Electrolyte composition. According to claim 1,
The lithium concentration in the composition is between about 0.8M and 2.8M,
Electrolyte composition. The method of claim 1 or 2,
The additive includes vinylene carbonate and fluoroethylene carbonate,
Electrolyte composition. According to claim 3,
The weight ratio of vinylene carbonate and fluoroethylene carbonate ranges from about 1:2 to about 3:1, suitably about 2:1,
Electrolyte composition. The method according to any one of claims 1 to 4,
The composition includes about 6 to 7 wt% of additives,
Electrolyte composition. The method according to any one of claims 1 to 5,
The composition comprises 20 to 30 wt% of lithium bis(fluorosulfonyl)imide,
Electrolyte composition. The method according to any one of claims 1 to 6,
The composition comprises 2 to 3 wt% of an additional lithium salt,
Electrolyte composition. The method according to any one of claims 1 to 7,
The additional lithium salt consists of lithium difluoro(oxalato)borate,
Electrolyte composition.
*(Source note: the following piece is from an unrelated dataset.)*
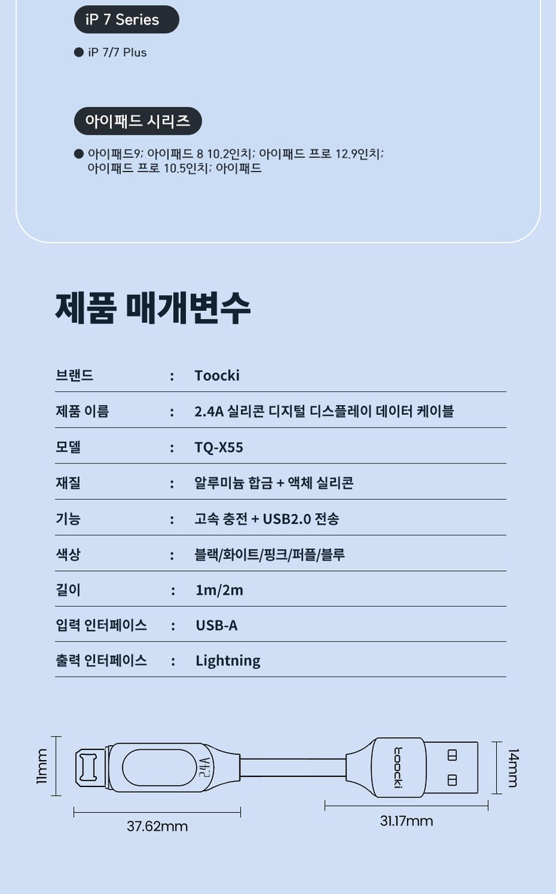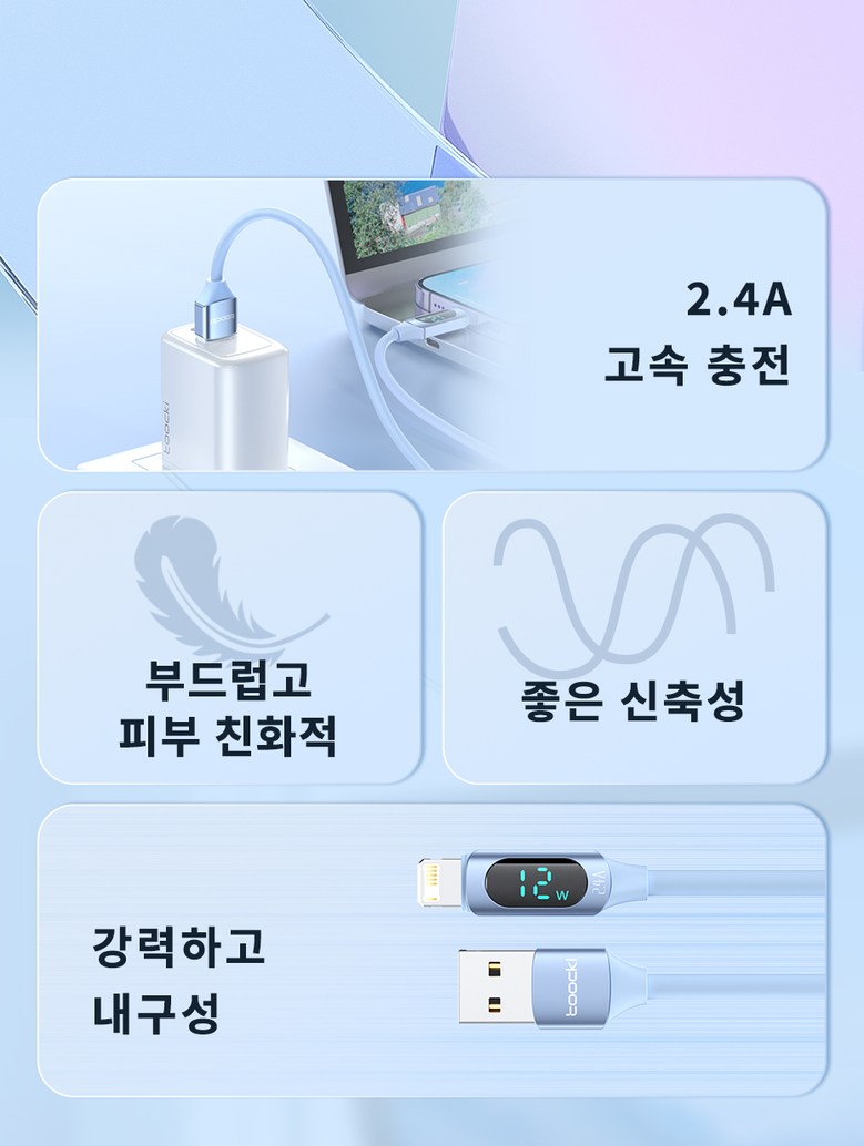 | 품명 및 모델명 | TOOCKI 디스플레이 라이트 Ato8핀/라이트닝 고속 충전케이블 | KC 인증정보 | 상품 상세페이지 참조 |

The method according to any one of claims 1 to 8,
The composition includes 60 to 70 wt% of solvent,
Electrolyte composition. The method according to any one of claims 1 to 9,
The solvent comprises two of ethyl methyl carbonate, diethyl carbonate, and dimethyl carbonate, suitably in a weight ratio of about 1:1.
Electrolyte composition. The method according to any one of claims 1 to 10,
The composition is substantially free of ethylene carbonate,
Electrolyte composition. The method according to any one of claims 1 to 11,
The composition includes one or more of lithium bis(fluorosulfonyl)imide, lithium difluoro(oxalato)borate, vinylene carbonate, fluoroethylene carbonate, and dimethyl carbonate, diethyl carbonate, and ethyl methyl carbonate. Consisting of a solvent consisting of
Electrolyte composition. The method according to any one of claims 1 to 12,
The composition includes about 26.5 wt% lithium bis(fluorosulfonyl)imide, about 2.4 wt% lithium difluoro(oxalato)borate, about 3.8 wt% vinylene carbonate, and about 1.9 wt% fluorine. Consisting of rotethylene carbonate, about 32.7 wt% dimethyl carbonate, and 32.7 wt% ethyl methyl carbonate,
Electrolyte composition. A battery component comprising the electrolyte composition according to any one of claims 1 to 13.